Como esclarecido na própria decisão, trata-se de análise preliminar (ou inicial) do processo, o qual, no entendimento do Juiz Sergio Wajzenberg, da 2ª Vara Cível do Tribunal de Justiça do Estado do Rio de Janeiro, depende da análise de documentos que devem ser juntados pela LIERJ e pela RIOTUR no prazo de 15 dias

A decisão proferida não se manifestou sobre os seguintes importantes argumentos, devidamente comprovados:

(i) a LIVRES é uma Liga oficialmente reconhecida pela Procuradoria Geral do Município do Rio de Janeiro e pela RIOTUR para administrar a disputa dos desfiles carnavalescos das escolas de samba a ela filiadas;

(ii) no Regulamento Específico dos Desfiles da LIVRES, homologado pela RIOTUR, consta em seu art. 40 que a agremiação campeã ascenderá à Série A;

(iii) a RIOTUR assinou Contrato de Apoio Cultural com a Associação da Liga de Blocos e Bandas da Zona Portuária do Rio de Janeiro, que atuou em parceria com a LIVRES no Carnaval 2020, publicado em Diário Oficial, para a realização dos desfiles do Grupo B, onde, expressamente consta que o Regulamento dos Desfiles tratará da ascensão e do descenso de agremiações e que a RIOTUR aprovará a ata de apuração do resultado;

(iv) a RIOTUR participou de todo o processo relacionado ao Carnaval 2020, estando presente no dia dos desfiles e, também, na apuração;

(v) a RIOTUR aprovou e homologou a planilha de notas e o resultado oficial da apuração dos desfiles da LIVRES, reconhecendo o GRES TRADIÇÃO como campeã do Carnaval;

(vi) a legislação (Lei Municipal nº 1.276/88 e alterações da Lei Municipal nº 2.720/98) e o Estatuto Social da LIERJ (arts. 2º; 3º, § 6º; e 19, § 2º) impedem que referida Liga interfira na ascensão de agremiações, pois, do contrário, estará interferindo na disputa, “escolhendo” a agremiação campeã.

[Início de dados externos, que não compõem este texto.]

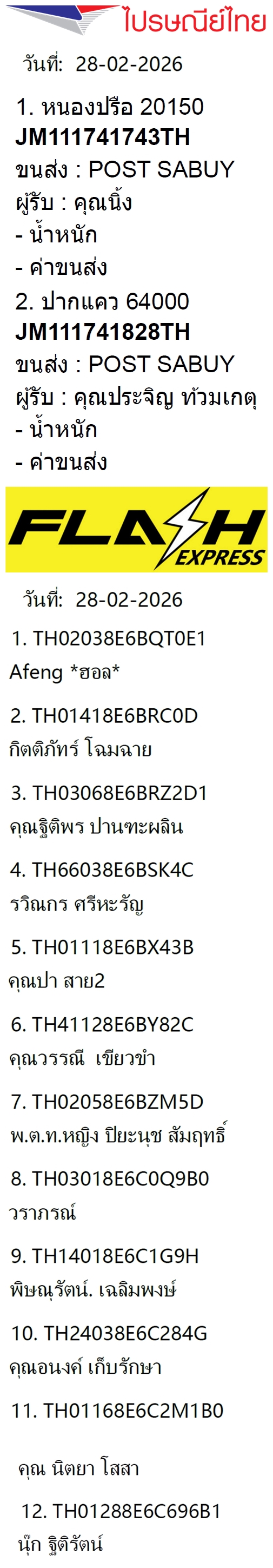 เลขพัสดุฯ วันศุกร์ 28 ก.พ. 2569
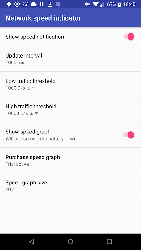The status bar notification shows the network speed in numbers or optionally as graph.

O Departamento Jurídico da LIVRES RJ já está adotando as medidas cabíveis para o oferecimento de recursos, visando a reforma da decisão.

Sabemos da dificuldade que é trazer ética e transparência ao Carnaval dos Grupos de Acesso da Cidade do Rio de Janeiro, mas nossa luta por dias melhores está apenas no início. Não desistiremos, pois temos certeza que a verdade prevalecerá e a justiça será feita”.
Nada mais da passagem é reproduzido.